On a superficial level, Debbie May's argument, that the ad seems to view women as objects while the women are actually in control, works.
ON a deeper level, however, these images play on an underlying assumption that women are responsible for all male sexual responses and this is both false and dangerous. Also dubious is the image in the ad of women being controlled by male scientists, just as the female viewers of the ad are being manipulated by male media image manufacturers. In the context of an ad, which uses sex to sell bras, the cry "it's not a sexual thing, it's a natural thing", comes across as little more than the male image-makers' lip service to feminism.

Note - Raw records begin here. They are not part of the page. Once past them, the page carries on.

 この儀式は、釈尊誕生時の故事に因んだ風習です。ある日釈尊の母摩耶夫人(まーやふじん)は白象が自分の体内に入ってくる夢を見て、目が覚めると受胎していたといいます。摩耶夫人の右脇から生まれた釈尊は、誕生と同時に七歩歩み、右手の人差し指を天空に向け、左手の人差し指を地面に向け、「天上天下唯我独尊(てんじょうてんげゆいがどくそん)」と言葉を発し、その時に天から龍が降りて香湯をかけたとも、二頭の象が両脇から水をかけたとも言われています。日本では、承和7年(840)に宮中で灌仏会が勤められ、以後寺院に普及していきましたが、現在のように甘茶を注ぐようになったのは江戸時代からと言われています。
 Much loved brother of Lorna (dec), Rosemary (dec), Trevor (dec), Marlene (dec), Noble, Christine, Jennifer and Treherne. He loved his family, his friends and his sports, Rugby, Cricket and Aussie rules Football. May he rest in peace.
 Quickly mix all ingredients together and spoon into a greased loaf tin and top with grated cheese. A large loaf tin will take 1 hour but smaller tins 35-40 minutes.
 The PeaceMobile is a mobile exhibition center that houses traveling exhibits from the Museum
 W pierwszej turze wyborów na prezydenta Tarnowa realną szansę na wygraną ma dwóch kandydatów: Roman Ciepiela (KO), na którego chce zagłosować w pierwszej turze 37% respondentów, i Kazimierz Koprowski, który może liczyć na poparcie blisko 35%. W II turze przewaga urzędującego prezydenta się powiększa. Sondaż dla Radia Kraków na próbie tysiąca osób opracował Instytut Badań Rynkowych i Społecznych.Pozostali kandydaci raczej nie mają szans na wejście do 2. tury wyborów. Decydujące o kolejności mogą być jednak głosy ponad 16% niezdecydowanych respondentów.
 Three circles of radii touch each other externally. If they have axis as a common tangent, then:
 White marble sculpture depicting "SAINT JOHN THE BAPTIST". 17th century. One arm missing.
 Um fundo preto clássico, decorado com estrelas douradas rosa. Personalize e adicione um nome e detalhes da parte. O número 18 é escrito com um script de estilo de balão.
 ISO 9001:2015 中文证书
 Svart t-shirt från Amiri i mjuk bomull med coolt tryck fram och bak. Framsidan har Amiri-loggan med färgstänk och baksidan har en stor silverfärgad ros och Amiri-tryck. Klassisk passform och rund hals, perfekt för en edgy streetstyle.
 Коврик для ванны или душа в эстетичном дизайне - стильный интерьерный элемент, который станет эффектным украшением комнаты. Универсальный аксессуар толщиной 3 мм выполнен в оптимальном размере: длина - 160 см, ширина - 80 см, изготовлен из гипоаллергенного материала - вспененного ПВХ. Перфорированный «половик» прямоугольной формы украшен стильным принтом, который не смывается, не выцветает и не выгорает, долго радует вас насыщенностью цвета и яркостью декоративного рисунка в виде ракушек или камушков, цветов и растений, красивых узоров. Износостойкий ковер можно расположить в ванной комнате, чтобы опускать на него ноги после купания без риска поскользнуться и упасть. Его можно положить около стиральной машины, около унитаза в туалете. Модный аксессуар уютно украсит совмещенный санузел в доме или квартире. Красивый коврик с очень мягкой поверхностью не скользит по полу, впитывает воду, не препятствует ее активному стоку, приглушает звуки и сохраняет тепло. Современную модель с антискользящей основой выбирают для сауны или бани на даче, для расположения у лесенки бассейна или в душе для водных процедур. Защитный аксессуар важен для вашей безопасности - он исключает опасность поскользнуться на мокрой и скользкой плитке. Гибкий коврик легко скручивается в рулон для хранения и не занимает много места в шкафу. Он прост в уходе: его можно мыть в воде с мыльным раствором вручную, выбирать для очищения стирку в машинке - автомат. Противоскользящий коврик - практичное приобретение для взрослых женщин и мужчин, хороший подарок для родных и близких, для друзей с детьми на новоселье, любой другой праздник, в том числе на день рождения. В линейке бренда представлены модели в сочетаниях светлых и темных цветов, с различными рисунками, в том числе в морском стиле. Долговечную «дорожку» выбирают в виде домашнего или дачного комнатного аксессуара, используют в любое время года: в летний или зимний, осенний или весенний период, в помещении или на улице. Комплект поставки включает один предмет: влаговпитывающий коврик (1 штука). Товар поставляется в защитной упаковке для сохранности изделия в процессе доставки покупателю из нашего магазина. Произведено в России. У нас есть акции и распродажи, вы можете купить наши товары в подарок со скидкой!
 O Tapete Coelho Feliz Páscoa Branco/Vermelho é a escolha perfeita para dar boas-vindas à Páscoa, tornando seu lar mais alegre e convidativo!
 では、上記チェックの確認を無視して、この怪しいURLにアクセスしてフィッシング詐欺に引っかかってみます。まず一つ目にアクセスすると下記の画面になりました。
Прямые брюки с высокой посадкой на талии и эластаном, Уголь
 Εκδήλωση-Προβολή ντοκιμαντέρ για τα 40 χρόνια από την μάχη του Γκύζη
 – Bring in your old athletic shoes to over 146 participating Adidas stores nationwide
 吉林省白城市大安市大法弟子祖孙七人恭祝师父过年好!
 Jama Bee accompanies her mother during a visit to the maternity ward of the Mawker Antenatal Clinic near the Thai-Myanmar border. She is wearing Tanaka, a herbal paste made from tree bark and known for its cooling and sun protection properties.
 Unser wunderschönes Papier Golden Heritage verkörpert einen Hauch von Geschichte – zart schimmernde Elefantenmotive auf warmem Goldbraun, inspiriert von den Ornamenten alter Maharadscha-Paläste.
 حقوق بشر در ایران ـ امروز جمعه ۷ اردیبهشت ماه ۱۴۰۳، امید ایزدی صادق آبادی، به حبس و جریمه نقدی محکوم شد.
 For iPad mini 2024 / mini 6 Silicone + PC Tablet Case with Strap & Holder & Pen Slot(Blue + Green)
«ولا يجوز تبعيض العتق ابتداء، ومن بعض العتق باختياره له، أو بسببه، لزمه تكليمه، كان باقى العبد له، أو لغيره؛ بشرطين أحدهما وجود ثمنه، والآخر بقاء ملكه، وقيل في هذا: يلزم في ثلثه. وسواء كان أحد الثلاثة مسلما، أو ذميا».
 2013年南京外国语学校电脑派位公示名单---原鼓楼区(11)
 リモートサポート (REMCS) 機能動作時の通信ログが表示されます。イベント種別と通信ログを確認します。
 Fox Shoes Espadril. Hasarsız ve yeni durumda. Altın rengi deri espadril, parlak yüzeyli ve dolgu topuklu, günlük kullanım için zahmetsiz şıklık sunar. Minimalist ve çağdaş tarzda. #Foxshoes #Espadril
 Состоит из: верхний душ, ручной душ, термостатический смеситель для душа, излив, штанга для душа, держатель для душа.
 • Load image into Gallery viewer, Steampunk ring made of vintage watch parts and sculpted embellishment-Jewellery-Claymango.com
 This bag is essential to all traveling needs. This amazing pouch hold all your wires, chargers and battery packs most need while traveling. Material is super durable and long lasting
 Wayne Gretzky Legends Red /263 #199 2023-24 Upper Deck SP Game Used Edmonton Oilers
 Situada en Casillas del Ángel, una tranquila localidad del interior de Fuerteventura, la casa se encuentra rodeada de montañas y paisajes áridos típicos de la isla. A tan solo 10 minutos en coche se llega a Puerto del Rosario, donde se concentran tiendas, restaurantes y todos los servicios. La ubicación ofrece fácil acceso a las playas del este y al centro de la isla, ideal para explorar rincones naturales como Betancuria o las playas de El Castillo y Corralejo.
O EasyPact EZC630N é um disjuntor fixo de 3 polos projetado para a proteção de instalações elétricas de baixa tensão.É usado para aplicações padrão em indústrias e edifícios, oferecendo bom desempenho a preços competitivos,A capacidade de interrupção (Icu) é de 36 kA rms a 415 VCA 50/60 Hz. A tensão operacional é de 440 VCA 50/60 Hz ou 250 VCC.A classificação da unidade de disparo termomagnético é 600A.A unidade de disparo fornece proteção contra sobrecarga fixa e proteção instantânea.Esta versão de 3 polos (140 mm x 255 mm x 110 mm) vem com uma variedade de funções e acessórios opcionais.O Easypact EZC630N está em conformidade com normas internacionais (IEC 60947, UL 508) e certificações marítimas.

In an attempt to reconcile TV advertising with reality, I went to be fitted myself with the bra in question. I was disappointed when the largest PP bra almost fitted, but not quite. When the trained fitter uttered those dreaded words "I'll check the stores," I assumed she was checking their stockroom to see what they had by way of an extra-large Amazon medieval truss.
When you are well endowed, there is rarely anything pretty to wear. Yet 48 per cent of the female population happens to be size 16 and over, which means that they are definitely more than 38E. So if you have big bazooms, forget it. Fashion bras are probably not for you.
What's the point, then, of an ad campaign that claims to celebrate breasts and to be for real women, when it actually isn't? This is important, because the Pretty Polly ad pretends to be a message of empowerment for women, when what it is really doing is asking us to squeeze ourselves into a male fantasy of what a woman's body should be.
Debbie May says the ad is aimed at 20-55 year olds, but I didn't see a single 55-year-old in the ad. PP bras are for skinny women with jolly, pert little breasts, just like a man's wet dream. Which is what the ad is. Maybe RTE shouldn't have agreed to show it at all.